> [Task details]:
Please transcribe the data below in full, word for word, without the images.

> [Records for processing]:

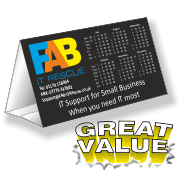 2 Sided Table Tent Card Ideal for menus, wine lists, price lists etc. Used widely in the Health & Beauty, Banking, Hotel, Catering and Tourist sectors. Different artwork can be used on 2 sides, increasing promotional potential. Price includes full colour (4 colour process) print to 2 sides. Printed on heavy 260gsm silk artboard from your supplied artwork. Supplied flat, bulk packed & pre-creased, ready for easy assembly (no sticking required).
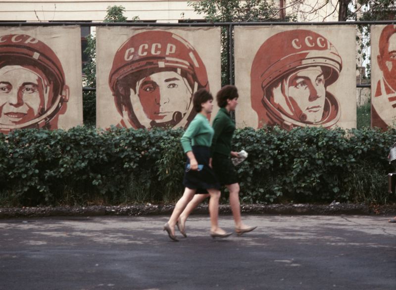 Affischer med tre ryska kosmonauter.
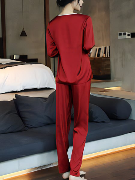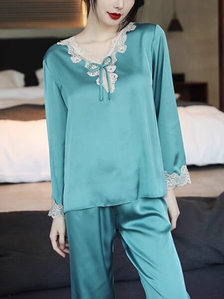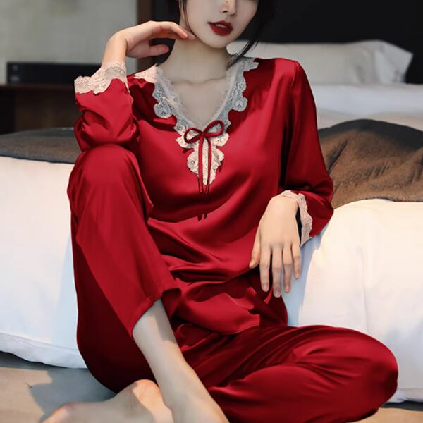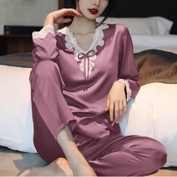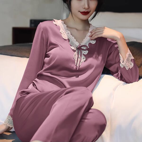 華やかなレースVネックが女性らしさを引き立てるツーピースパジャマスーツ。抜け感のあるストレートパンツと、長袖のトップスがセットで、ルームウェアやお泊まり旅行にもオススメ。女性らしさを引き立てるエレガントなデザインで機能性も兼ね備えた、お洒落心をくすぐるセットアップです。
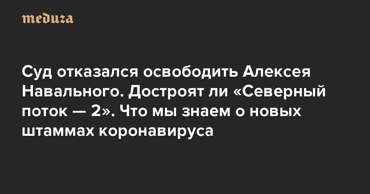 Вечерняя Медуза Суд отказался освободить Алексея Навального. Достроят ли «Северный поток — 2». Что мы знаем о новых штаммах коронавируса
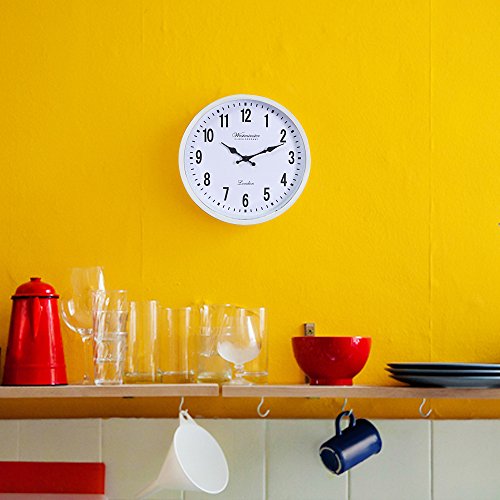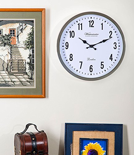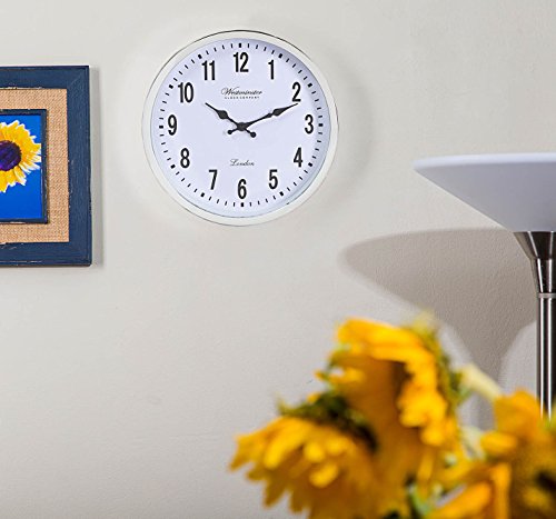 Westminster clocks are 12 inches in diameter and use contrasting colors for easy viewing. The large clock face is viewable from every corner of the room. Best for preventing eye strain, and for seniors or elderly with poor eyesight, and for kids learning to tell time. Excellent oversized clock for the office, kitchen, TV room, and bathroom. Also works well for the classroom, patio, garage, and gym. Don't settle for a plain white wall clock, when a beautifully thin round wall clock in chrome is both classy and functional for your family. Quick and easy to hang with just a nail, a hammer, and a little elbow grease. No mounting kit necessary.

> [Response to the task]:
 2 Sided Table Tent Card Ideal for menus, wine lists, price lists etc. Used widely in the Health & Beauty, Banking, Hotel, Catering and Tourist sectors. Different artwork can be used on 2 sides, increasing promotional potential. Price includes full colour (4 colour process) print to 2 sides. Printed on heavy 260gsm silk artboard from your supplied artwork. Supplied flat, bulk packed & pre-creased, ready for easy assembly (no sticking required).
 Affischer med tre ryska kosmonauter.
 華やかなレースVネックが女性らしさを引き立てるツーピースパジャマスーツ。抜け感のあるストレートパンツと、長袖のトップスがセットで、ルームウェアやお泊まり旅行にもオススメ。女性らしさを引き立てるエレガントなデザインで機能性も兼ね備えた、お洒落心をくすぐるセットアップです。
 Вечерняя Медуза Суд отказался освободить Алексея Навального. Достроят ли «Северный поток — 2». Что мы знаем о новых штаммах коронавируса
 Westminster clocks are 12 inches in diameter and use contrasting colors for easy viewing. The large clock face is viewable from every corner of the room. Best for preventing eye strain, and for seniors or elderly with poor eyesight, and for kids learning to tell time. Excellent oversized clock for the office, kitchen, TV room, and bathroom. Also works well for the classroom, patio, garage, and gym. Don't settle for a plain white wall clock, when a beautifully thin round wall clock in chrome is both classy and functional for your family. Quick and easy to hang with just a nail, a hammer, and a little elbow grease. No mounting kit necessary.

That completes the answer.